## What you need to do:
Give exactly the lines from the one that contains "1月21日,英諾激光大宗交易" through the end of the entries below, both included; the pictures stay out.

## Dataset extract:
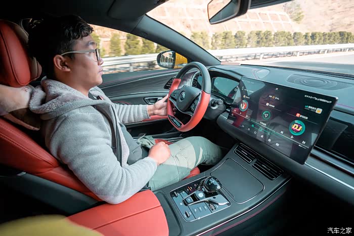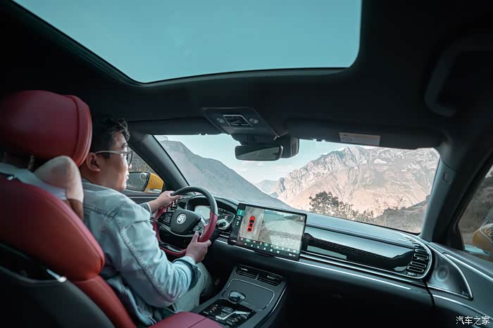 汉的密封性还是很不错的在尘土飞扬的路面上车内依旧是干净的。后排的摄影师说想来一张大全景,我把天窗的遮阳帘打开补个光。
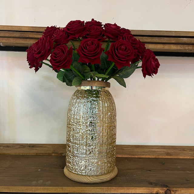 گلدان به همراه گل مصنوعی مدل رز مخملی (20 شاخه ) گلسرای نداف
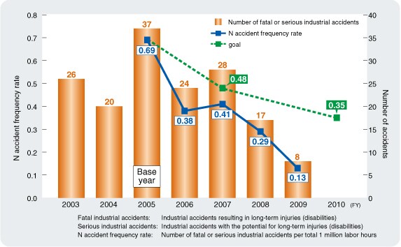 In an attempt to achieve the Group's objective of "Zero Fatal or Serious Industrial Accidents", the Nitto Group has continued to implement robust safety activities at each base. For a long time, fatal or serious industrial accidents have been steadily reducing, however on 21 January 2010, an accident occurred at one of our bases in China and an employee died as a result. During a production process, an unusual work practice caused the generation of a poisonous gas which was inhaled by the employee and who died as a result.
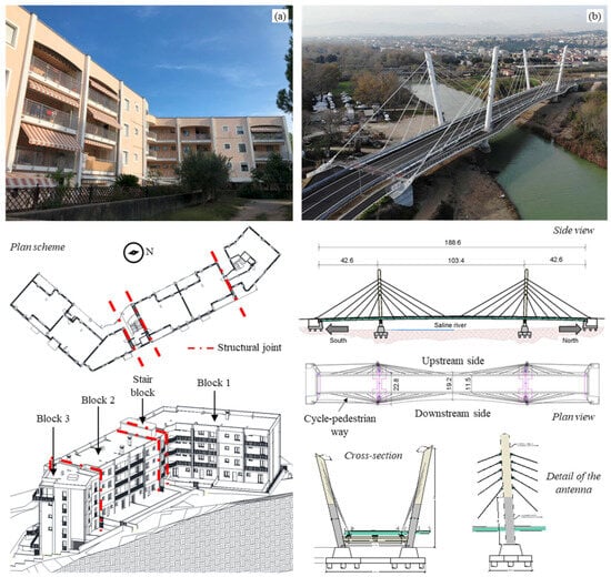 Case studies adopted for the DYMOS software testing and validation: (a) 4-block building; (b) cable-stayed bridge.
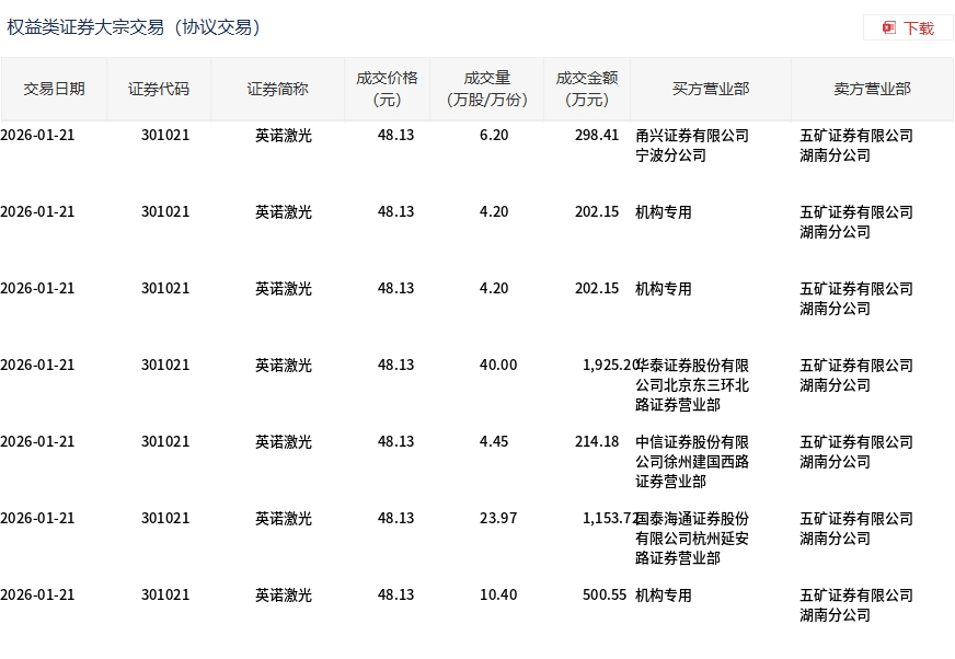 1月21日,英諾激光大宗交易成交93.42萬(wàn)股,成交額4496.36萬(wàn)元,占當(dāng)日總成交額的5.28%,成交價(jià)48.13元,較市場(chǎng)收盤價(jià)61.66元折價(jià)21.94%。
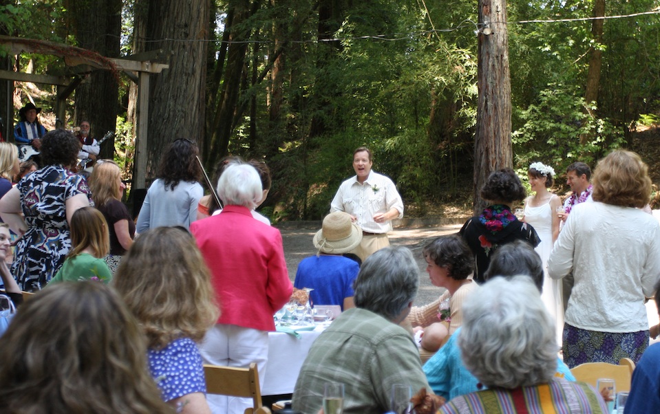Caption: Harvey gives a long, fun and spirited toast to the couple
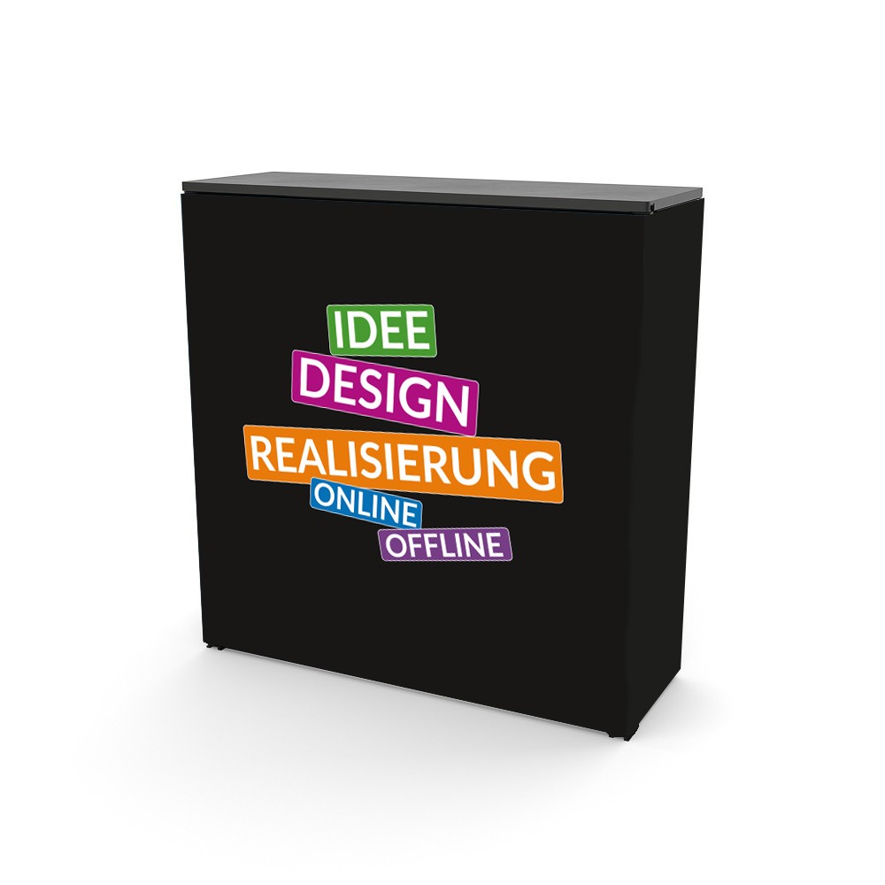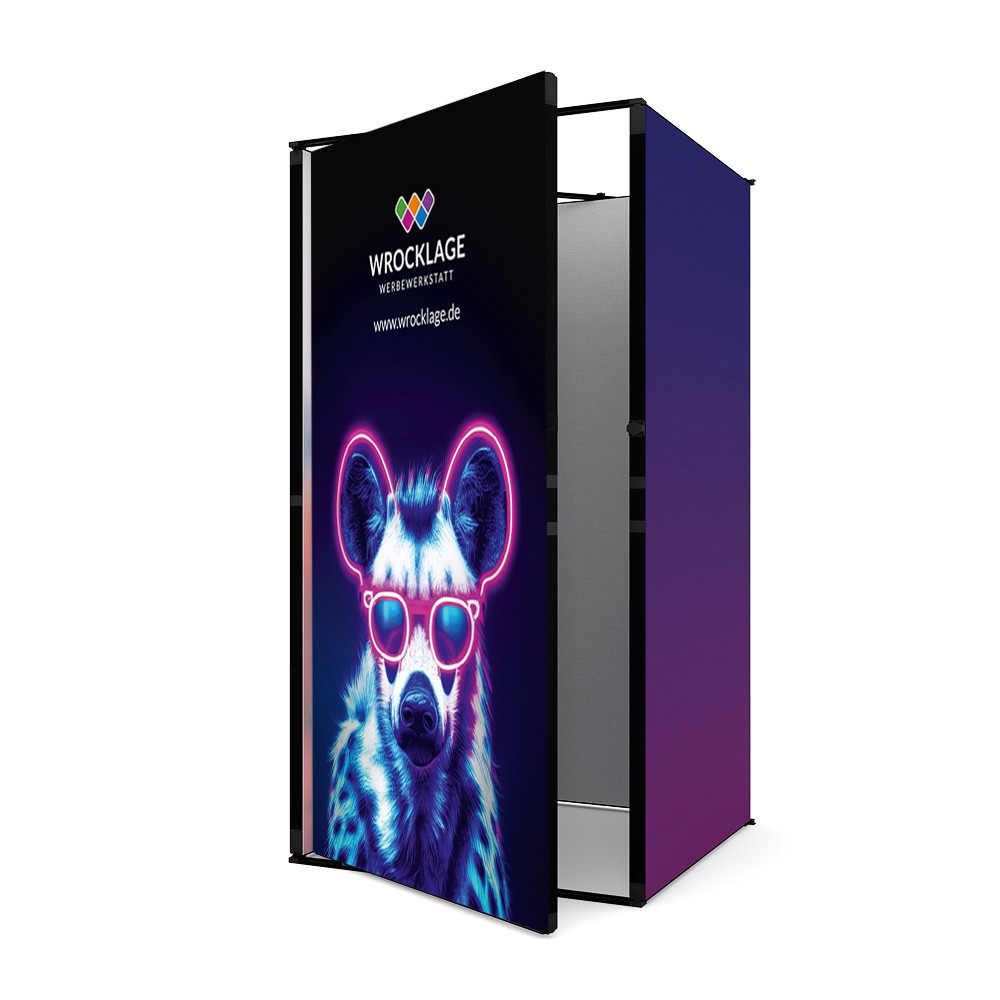 5x System 100x 250 cm, Kabine, Systemfüße, Softbag, Kunststoffverbinder, 7 Textil-Digitialdruck auf Blockout Material mit Silikonkeder konfektioniert, Theke mit schwarzer Thekenplatte und Textildigitaldruck

## Written solution:
 1月21日,英諾激光大宗交易成交93.42萬(wàn)股,成交額4496.36萬(wàn)元,占當(dāng)日總成交額的5.28%,成交價(jià)48.13元,較市場(chǎng)收盤價(jià)61.66元折價(jià)21.94%。
Caption: Harvey gives a long, fun and spirited toast to the couple
 5x System 100x 250 cm, Kabine, Systemfüße, Softbag, Kunststoffverbinder, 7 Textil-Digitialdruck auf Blockout Material mit Silikonkeder konfektioniert, Theke mit schwarzer Thekenplatte und Textildigitaldruck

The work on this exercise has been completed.